▶ _YOUR INSTRUCTIONS_
Pictures stay out of the copy. Repeat exactly the lines from the first entry below through the line that contains "Rich peanut butter", and nothing beyond.

[Records from a collection]
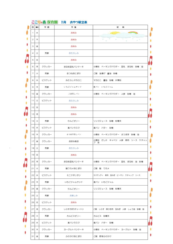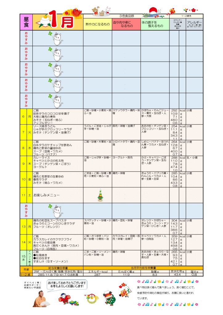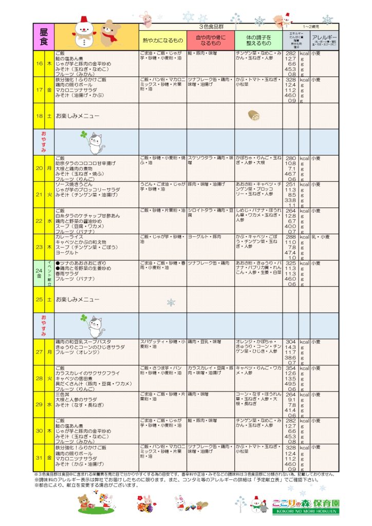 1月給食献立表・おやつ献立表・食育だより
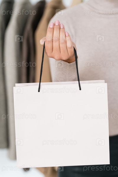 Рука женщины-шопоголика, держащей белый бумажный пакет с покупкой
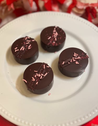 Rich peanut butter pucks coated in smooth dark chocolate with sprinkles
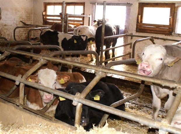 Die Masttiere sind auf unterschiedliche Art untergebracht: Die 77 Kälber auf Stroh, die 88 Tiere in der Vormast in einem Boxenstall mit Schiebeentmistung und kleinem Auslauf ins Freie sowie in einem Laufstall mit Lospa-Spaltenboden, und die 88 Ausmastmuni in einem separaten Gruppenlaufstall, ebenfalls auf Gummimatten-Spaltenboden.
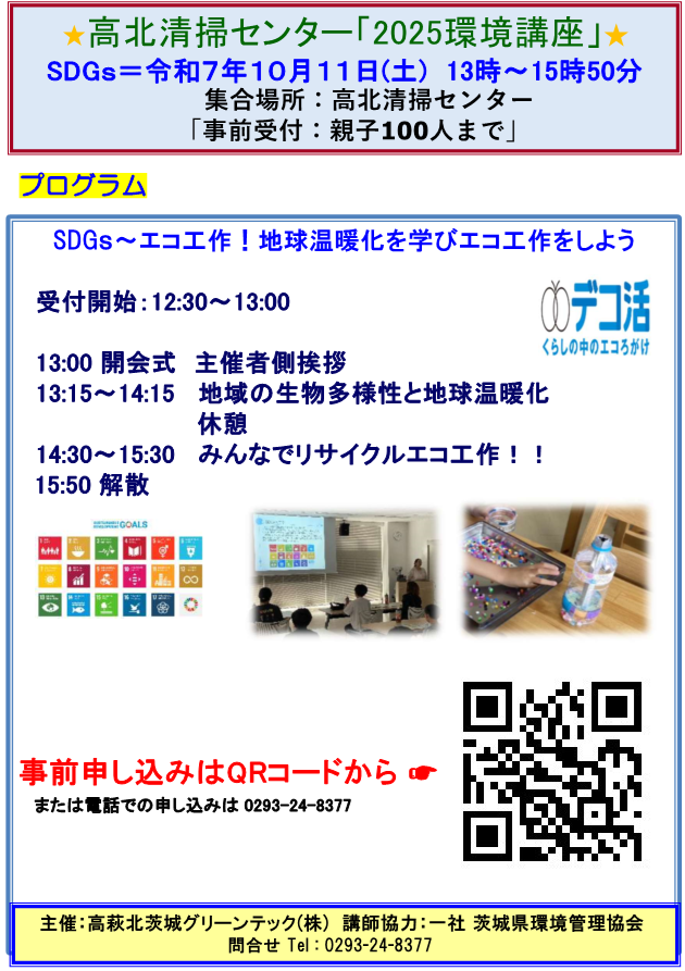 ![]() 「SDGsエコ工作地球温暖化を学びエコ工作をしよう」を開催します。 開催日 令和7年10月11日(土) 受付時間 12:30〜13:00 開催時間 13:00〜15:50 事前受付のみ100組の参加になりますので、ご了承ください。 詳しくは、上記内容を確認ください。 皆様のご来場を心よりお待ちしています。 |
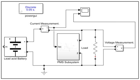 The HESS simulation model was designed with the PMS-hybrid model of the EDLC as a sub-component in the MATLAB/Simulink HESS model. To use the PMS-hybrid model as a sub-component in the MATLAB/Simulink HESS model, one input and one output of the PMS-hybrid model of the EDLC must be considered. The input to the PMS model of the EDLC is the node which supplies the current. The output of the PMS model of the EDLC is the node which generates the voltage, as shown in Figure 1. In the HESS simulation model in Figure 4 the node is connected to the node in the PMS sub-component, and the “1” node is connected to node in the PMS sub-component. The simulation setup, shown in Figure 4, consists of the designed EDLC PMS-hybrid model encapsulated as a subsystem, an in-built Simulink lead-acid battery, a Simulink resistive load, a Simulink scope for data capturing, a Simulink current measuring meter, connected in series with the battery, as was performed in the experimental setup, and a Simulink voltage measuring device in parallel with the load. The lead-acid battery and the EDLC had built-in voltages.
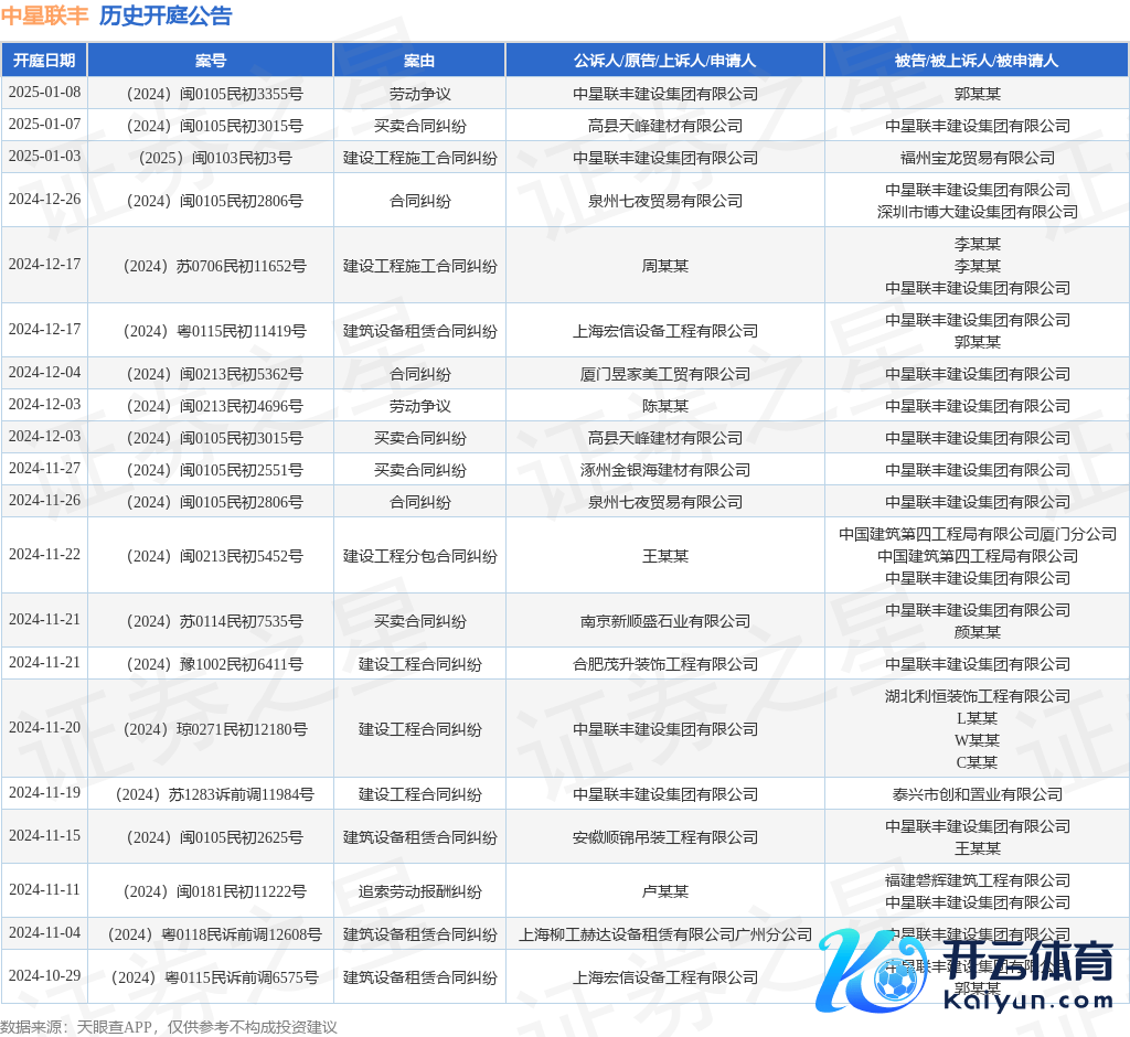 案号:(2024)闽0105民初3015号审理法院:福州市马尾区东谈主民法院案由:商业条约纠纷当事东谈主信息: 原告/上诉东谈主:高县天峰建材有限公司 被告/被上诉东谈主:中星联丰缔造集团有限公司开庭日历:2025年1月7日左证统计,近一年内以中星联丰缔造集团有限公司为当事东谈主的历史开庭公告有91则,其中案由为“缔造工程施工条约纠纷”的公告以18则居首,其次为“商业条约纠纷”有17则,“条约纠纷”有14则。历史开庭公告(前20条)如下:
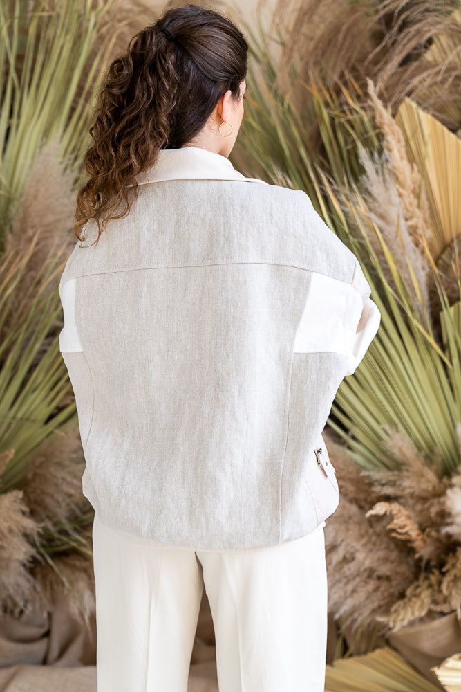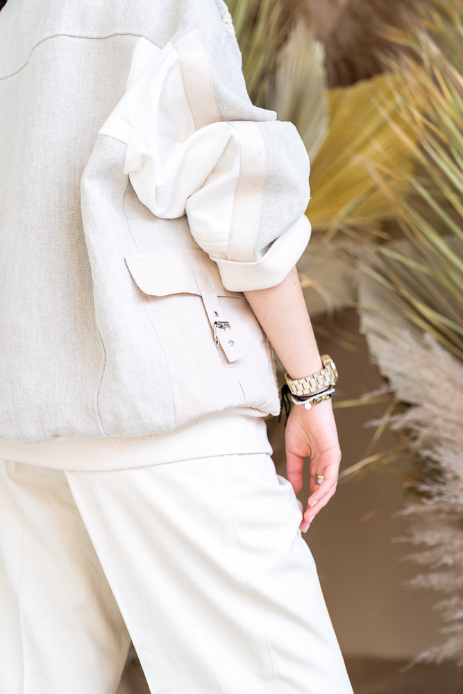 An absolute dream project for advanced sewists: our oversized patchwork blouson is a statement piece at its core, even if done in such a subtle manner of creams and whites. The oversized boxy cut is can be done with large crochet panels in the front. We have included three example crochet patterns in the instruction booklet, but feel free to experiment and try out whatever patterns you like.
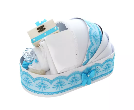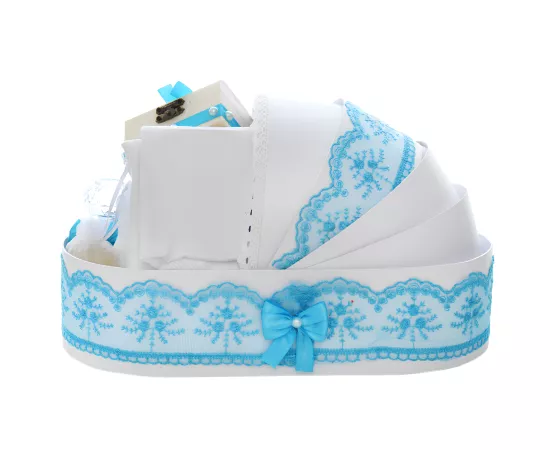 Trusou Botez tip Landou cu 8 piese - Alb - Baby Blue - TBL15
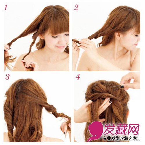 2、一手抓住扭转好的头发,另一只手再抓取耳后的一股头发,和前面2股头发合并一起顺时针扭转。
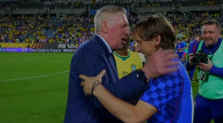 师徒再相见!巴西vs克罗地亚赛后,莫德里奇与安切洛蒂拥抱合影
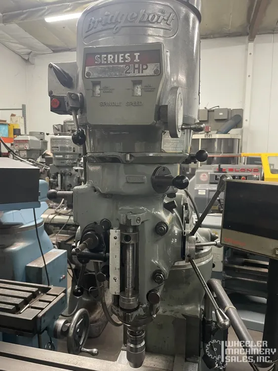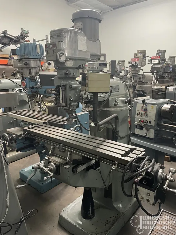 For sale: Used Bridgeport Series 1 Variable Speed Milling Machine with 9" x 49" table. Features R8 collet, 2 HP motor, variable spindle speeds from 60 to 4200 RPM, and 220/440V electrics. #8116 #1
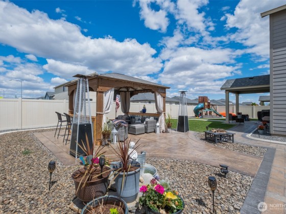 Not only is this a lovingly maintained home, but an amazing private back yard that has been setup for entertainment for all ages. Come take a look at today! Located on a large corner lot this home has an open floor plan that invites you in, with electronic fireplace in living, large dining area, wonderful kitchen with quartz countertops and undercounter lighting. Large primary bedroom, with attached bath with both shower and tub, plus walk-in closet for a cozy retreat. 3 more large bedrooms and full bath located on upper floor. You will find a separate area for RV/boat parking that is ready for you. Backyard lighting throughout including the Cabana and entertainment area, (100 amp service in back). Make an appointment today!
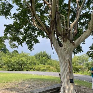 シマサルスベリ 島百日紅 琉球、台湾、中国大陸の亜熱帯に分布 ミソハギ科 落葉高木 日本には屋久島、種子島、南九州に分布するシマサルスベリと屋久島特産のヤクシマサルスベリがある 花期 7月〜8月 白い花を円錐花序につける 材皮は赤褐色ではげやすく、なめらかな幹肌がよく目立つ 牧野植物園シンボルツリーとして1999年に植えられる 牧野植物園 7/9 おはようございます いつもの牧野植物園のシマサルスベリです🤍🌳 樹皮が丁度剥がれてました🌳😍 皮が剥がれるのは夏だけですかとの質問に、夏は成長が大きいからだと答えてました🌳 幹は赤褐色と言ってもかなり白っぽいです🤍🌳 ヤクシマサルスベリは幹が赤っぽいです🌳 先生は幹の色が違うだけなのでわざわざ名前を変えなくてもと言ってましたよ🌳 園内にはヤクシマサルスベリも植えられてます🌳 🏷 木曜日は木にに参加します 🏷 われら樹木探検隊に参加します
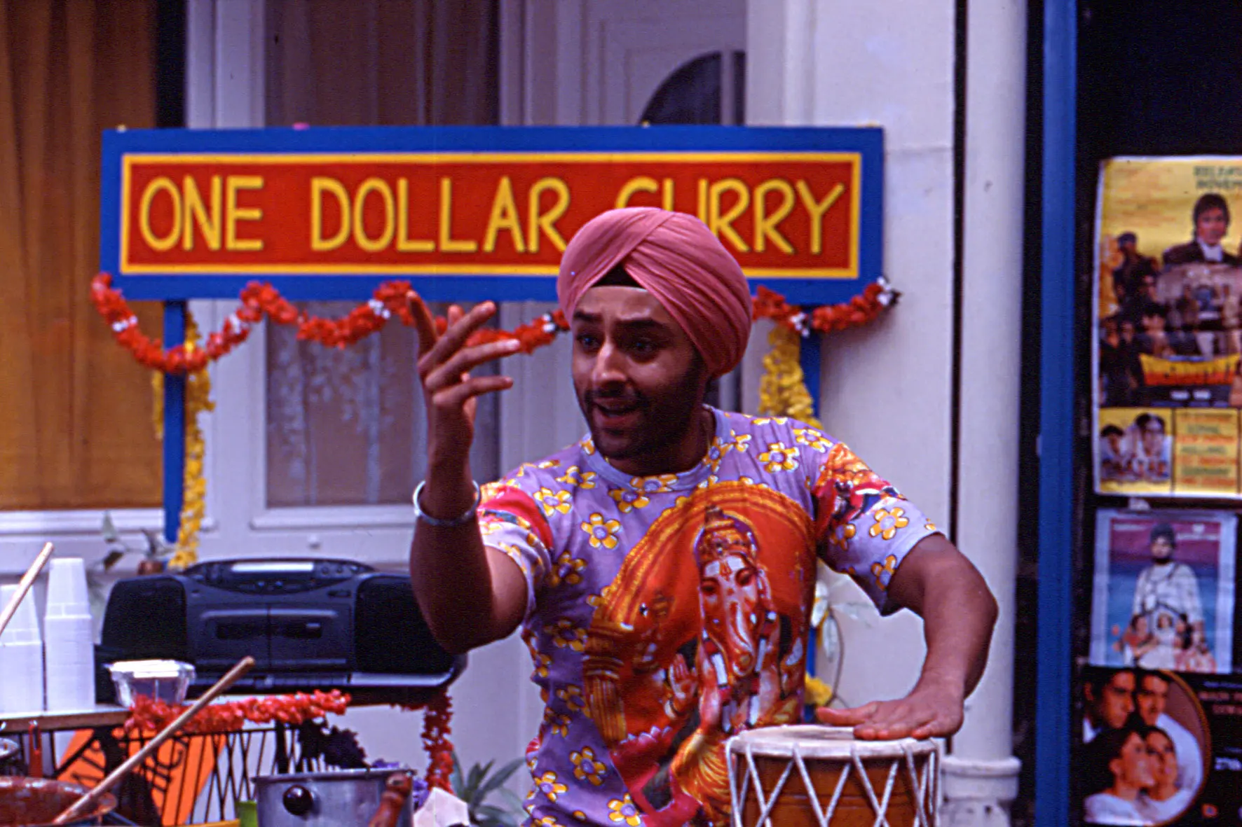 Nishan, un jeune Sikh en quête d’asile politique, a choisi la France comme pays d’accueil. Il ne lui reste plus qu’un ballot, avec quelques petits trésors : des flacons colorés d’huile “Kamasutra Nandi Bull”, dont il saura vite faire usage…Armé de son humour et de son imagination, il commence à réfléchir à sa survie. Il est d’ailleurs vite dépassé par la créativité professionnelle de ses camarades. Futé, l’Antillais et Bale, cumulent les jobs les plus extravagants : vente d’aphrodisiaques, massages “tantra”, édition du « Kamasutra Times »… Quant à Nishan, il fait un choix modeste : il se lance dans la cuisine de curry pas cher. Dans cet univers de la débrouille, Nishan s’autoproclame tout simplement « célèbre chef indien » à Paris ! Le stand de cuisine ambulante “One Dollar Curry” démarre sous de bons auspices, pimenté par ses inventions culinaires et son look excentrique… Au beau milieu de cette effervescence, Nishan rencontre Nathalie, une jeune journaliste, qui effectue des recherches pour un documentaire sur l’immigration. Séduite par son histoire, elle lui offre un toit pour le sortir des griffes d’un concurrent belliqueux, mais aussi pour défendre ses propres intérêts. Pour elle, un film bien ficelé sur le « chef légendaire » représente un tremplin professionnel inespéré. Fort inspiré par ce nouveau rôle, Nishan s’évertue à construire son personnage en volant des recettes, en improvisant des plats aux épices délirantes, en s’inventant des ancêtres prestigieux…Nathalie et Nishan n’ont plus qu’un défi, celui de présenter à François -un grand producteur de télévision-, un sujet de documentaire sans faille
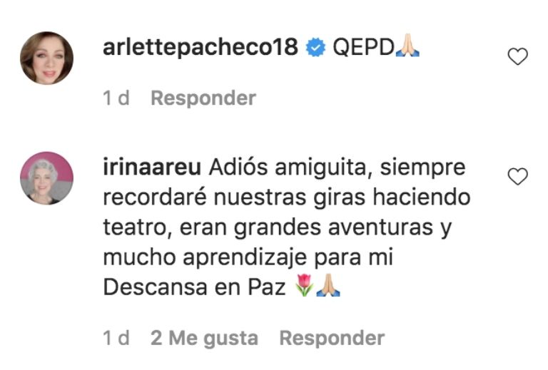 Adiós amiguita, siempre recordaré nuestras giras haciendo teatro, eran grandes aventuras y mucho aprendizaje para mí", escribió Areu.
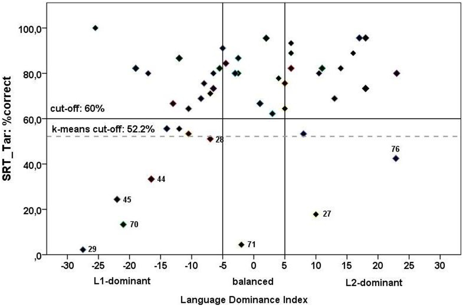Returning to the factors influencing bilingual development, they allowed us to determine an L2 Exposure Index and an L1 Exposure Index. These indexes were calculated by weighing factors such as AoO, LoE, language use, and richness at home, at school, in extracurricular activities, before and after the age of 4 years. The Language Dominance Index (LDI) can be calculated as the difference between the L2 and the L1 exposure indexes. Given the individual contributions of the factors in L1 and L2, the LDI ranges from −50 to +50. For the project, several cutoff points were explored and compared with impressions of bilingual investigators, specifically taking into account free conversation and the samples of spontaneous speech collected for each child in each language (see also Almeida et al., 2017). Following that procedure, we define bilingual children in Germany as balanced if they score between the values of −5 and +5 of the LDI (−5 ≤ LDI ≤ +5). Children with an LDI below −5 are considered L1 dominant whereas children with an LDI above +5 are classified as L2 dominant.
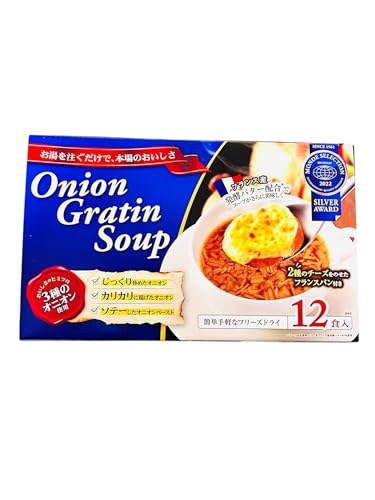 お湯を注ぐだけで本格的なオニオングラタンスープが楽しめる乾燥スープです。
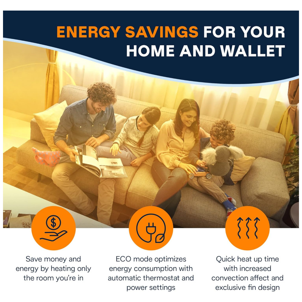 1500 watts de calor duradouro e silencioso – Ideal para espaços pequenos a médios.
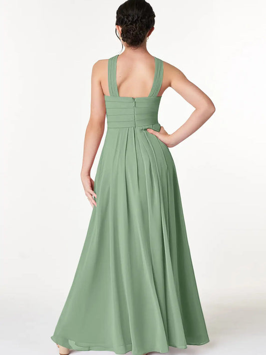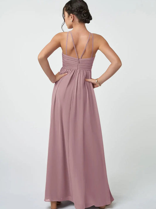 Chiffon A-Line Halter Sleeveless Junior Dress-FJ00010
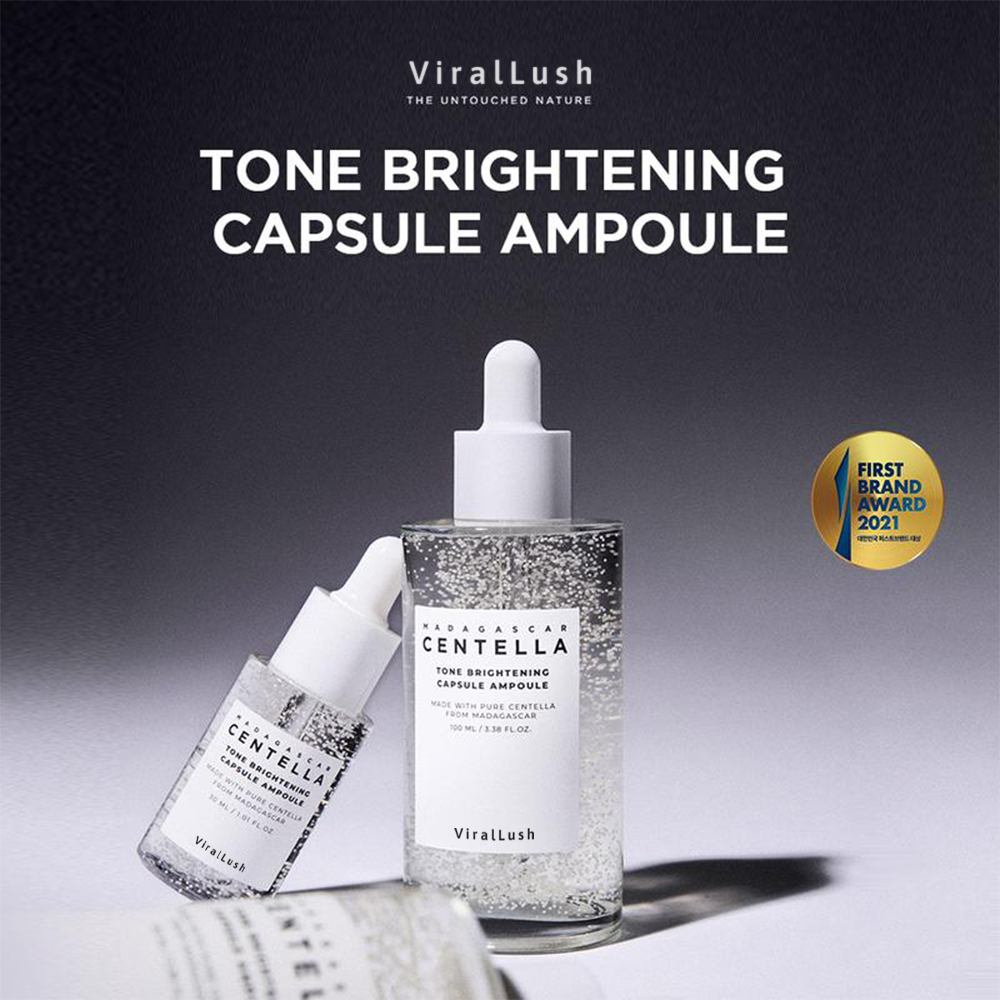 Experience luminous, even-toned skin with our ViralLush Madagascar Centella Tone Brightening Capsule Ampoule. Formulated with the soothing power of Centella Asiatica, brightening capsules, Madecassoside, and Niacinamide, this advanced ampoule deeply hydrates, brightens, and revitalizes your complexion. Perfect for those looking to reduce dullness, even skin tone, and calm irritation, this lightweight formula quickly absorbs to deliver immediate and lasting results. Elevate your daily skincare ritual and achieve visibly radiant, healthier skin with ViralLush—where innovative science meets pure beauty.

▶ _THE COMPLETED TASK_
 1月給食献立表・おやつ献立表・食育だより
 Рука женщины-шопоголика, держащей белый бумажный пакет с покупкой
 Rich peanut butter pucks coated in smooth dark chocolate with sprinkles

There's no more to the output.